Superfluous effort shortens the body. Efficient action involves growing taller, lengthening the limbs and the spine.

This is a fundamental idea in Feldenkrais. Scan your feeling of height as you sit in your chair reading this. Then clench your jaw–do you grow taller or shorter? Tighten you shoulders. Taller or shorter? Grip your stomach like you’ve just had a fright. Taller or shorter?

This theme is integrated into the lessons in many ways. In measuring lengths in the scans. In monitoring the maintenance of length (as we might monitor easy breathing) to recognize and modify superfluous effort when it arises during an action. In many lessons the question appears almost as an aside–where does the top of your head go?

6 Replies to “Wasted effort shortens the body”

  1. This idea of lengthening is. of course, influenced by F.M Alexander’s technique whose central principle is that of lengthening and widening.
    Alexander outlines the conditions which lead him to his discovery in his book “Use of the Self”. Excessive hoarseness had lead him to abandon his career as an orator and he had found no useful advice from doctors. Embarking on a course of self disovery using a mirror, Alexander attempted to find a cure for himself.
    The pivotal moment being Alexander’s discovery that “…the best conditions of larynx and vocal mechanisms and the least tendency to hoarseness were associated with a lengthening of the stature.”
    Feldenkrais had lessons with a student of Alexander’s, Walter Carrington, “…until the day that Alexander saw his newly published book, Body and Mature Behaviour, and told [Carrington] to desist. Alexander was emphatic about the danger of confusing two incompatible principles and considered Feldenkrais’s approach to be gravely misleading. The principle of prevention does not accord well with the principle of doing and feeling.” So describes Walter Carrington in his review of Judith Stransky’s book ” Joy in the Life of Your Body” which, whilst primarily a book about the Alexander Technique, also extolls the virtues of the Feldenkrais’ method.
    I have yet to try this lesson so maybe some of these ideas are mentioned in the lesson but ,if not, I thought it might be interesting for people to know about the origin of this idea of lengthening.
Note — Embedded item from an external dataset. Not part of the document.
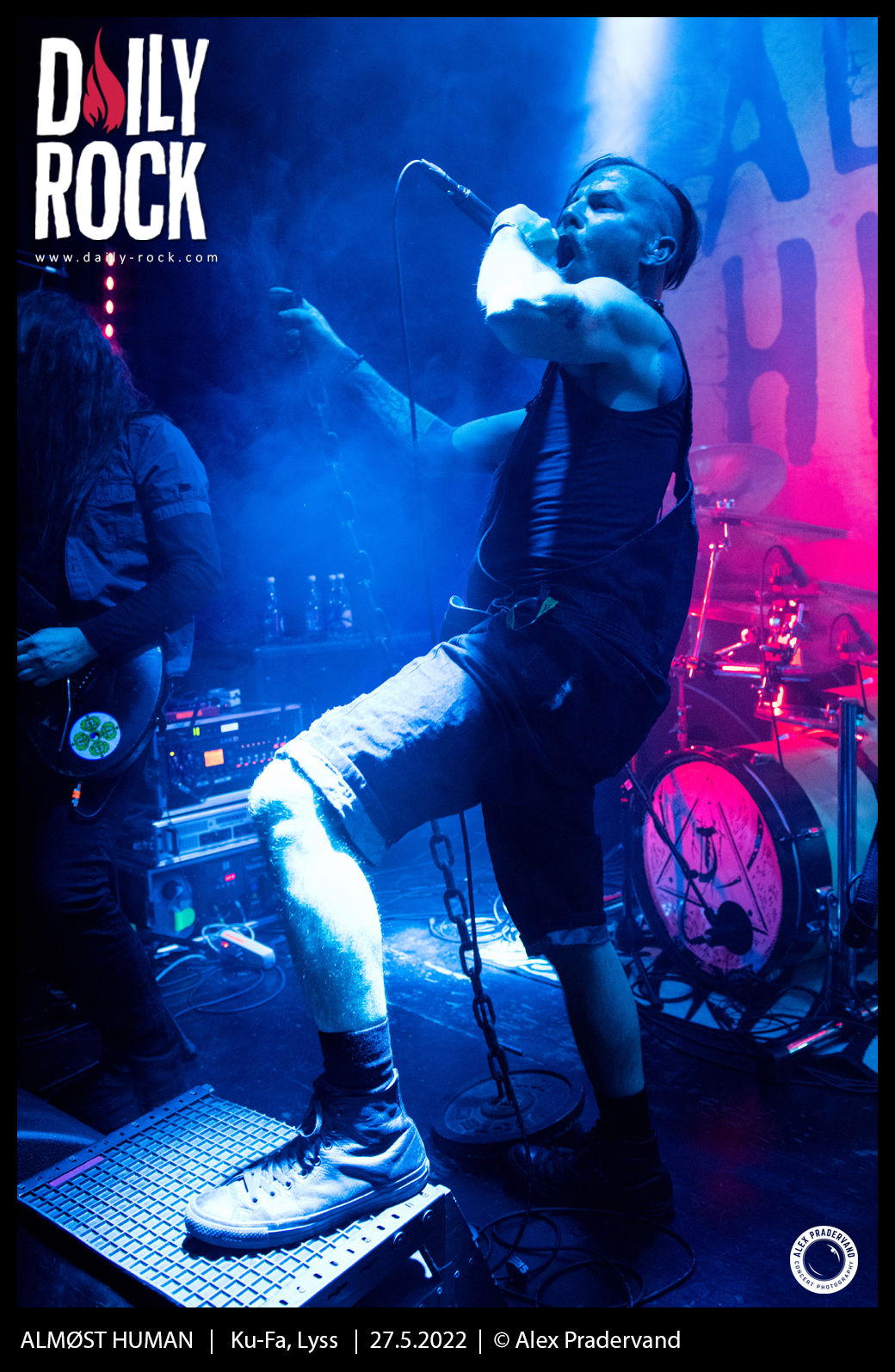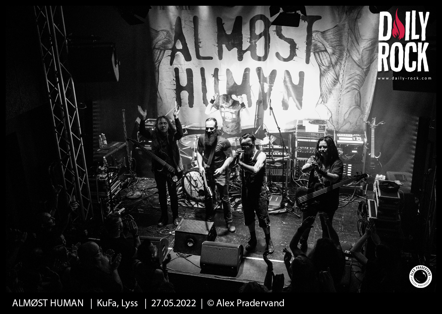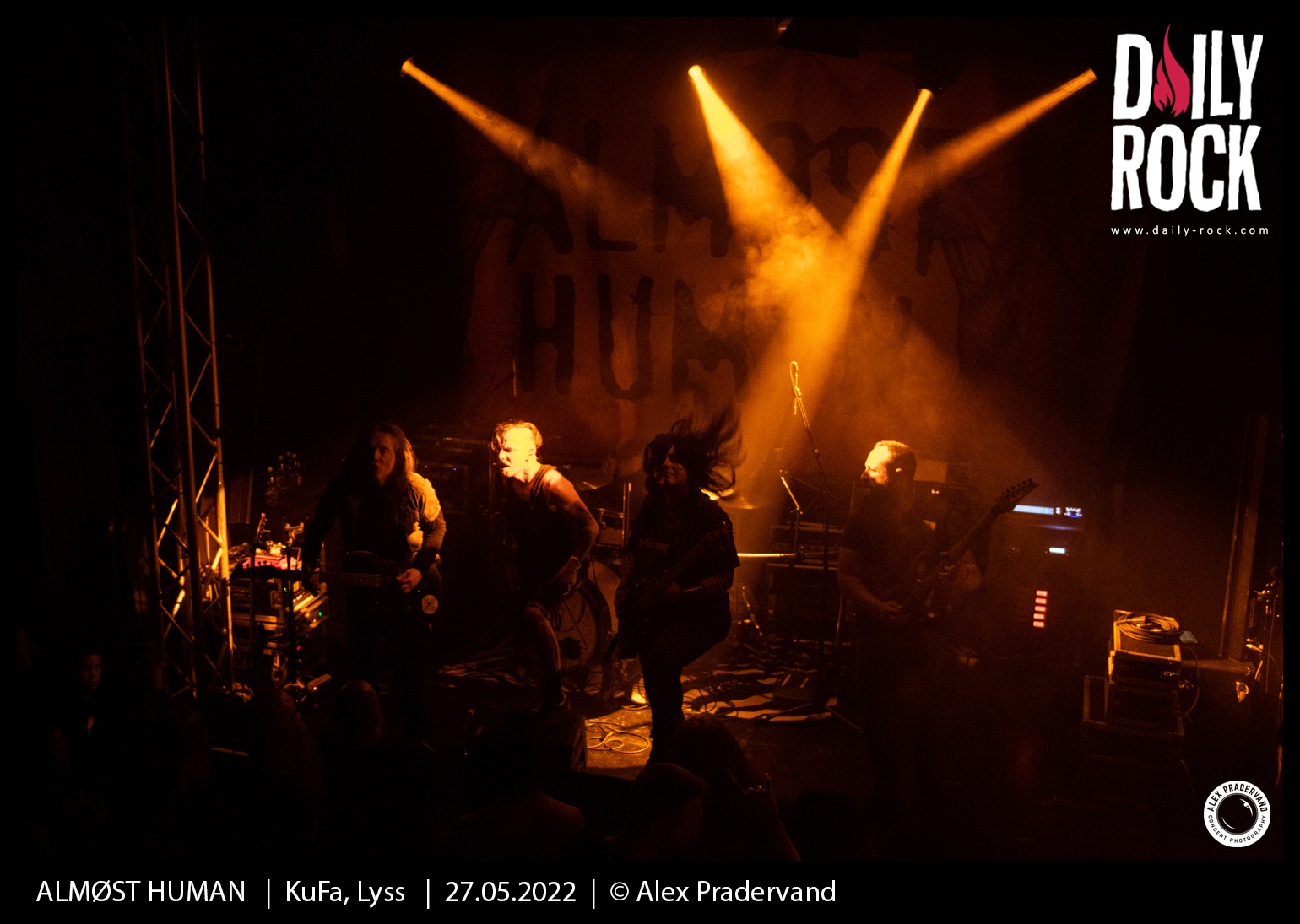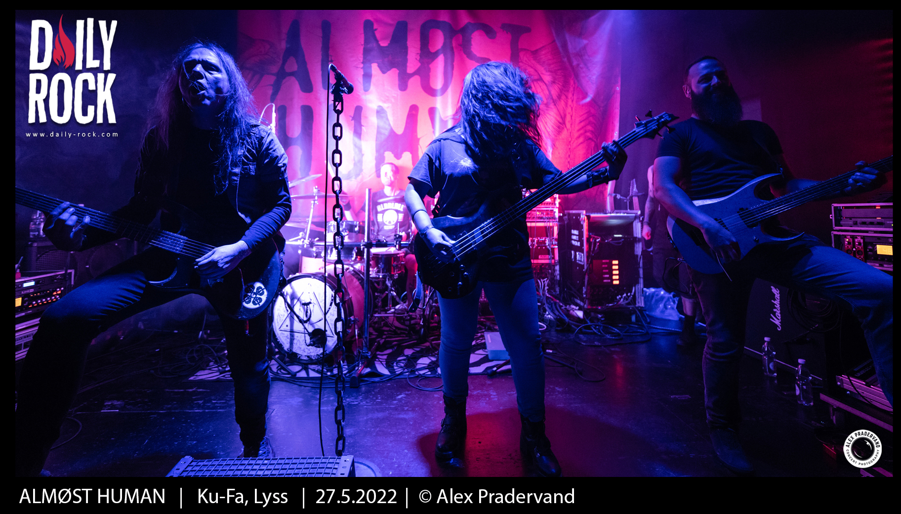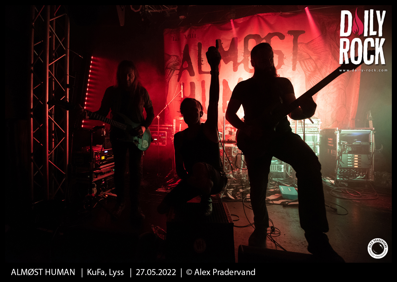 Le dernier slot est pour ALMØST HUMAN. Le groupe vaudois a un album désormais bien rôdé à jouer. Le rapide soundcheck avant le concert permet de règler en bonne partie le problème de son. Comme les autres groupes, ce sera 30 minutes pour convaincre. Je ne suis peut-être pas très impartial dans la mesure où je suis activement ce groupe depuis 3 ans, mais le set est une fois encore super costaud et la qualité technique des musiciens toujours aussi impressionante.

  2. Thanks for your contribution, John! This is terrific to bring in other perspectives and traditions.

    It’s interesting to consider in our of work what the “origin” of an idea is. I suppose in one sense its origins lie in evolution, mechanics, physics, neurology. And any thinker and doer who has worked with the human body in action has an idea of lengthening in their work. (Being skeptical of absolutes, I would be interested to hear of movement practices that cultivate compacting and shortening! Perhaps Iron Shirt Qigong?)

    I don’t mean to deny however that Feldenkrais learned from his immediate surroundings and predecessors–not at all.
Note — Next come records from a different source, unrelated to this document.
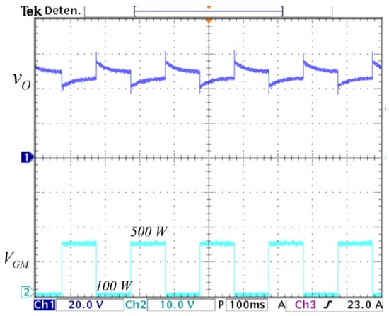 Open-loop response to step changes in the load: (top) output voltage of converter (y-axis: 20 V/div), and (bottom) gate voltage of the MOSFET that changes the load from 100 W to 500 W (y-axis: 10 V/div) (x-axis: time 100 ms/div).
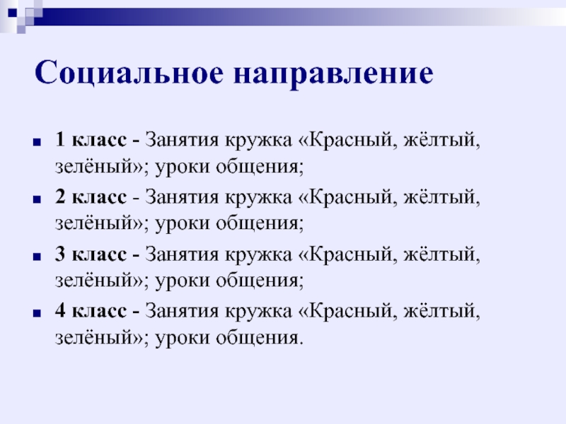 класс - Занятия кружка «Красный, жёлтый, зелёный»; уроки общения;
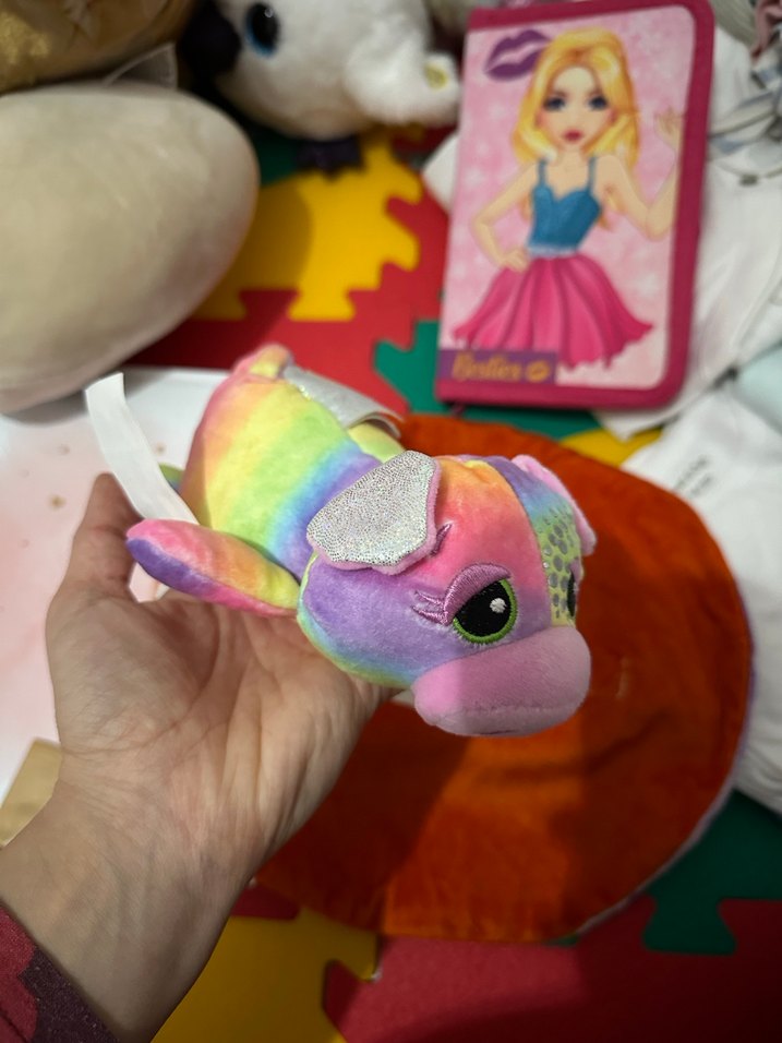 Parlak detaylara ve canlı gökkuşağı renklerine sahip, yumuşak dokulu renkli peluş oyuncak. Oyun ve dekorasyon için uygundur.

    Our work is in some sense in the dark ages where we all learn from a teacher who learned from a teacher….even in formal academia where there is an attempt to break this down (no one goes to the University of Isaac Newton vs. the University of Albert Einstein), people persist in cultivating and identifying themselves with lineages–as this website and my work does, a practitioner trained by someone … trained by Moshe. And we inherit their battles with one another too.
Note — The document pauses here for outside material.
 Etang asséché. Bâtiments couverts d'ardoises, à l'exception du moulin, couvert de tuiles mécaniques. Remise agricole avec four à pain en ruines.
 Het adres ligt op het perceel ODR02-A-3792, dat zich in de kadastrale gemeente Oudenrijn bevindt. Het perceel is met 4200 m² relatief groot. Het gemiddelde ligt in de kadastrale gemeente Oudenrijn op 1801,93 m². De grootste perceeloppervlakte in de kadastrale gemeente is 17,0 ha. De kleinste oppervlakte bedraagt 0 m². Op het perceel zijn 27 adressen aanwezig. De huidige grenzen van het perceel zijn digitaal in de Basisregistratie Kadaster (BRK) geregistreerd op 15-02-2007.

    Just a note that the ideas listed here as “principles” (a growing, not an exhaustive list) are ideas that recur in many, many lessons. The one lesson on the theme “growing taller” that is posted so far is one approach among many. Another implementation of the theme is to work with awareness of length while in a movement and noticing the moment of shortening–much less active cultivation of lengthening than in [[Walking Backward]].

    This review of Stranksy by Carrington is here and it makes interesting reading. The question of the relationship between doing and not-doing in the various methods and techniques is intriguing, a deep one.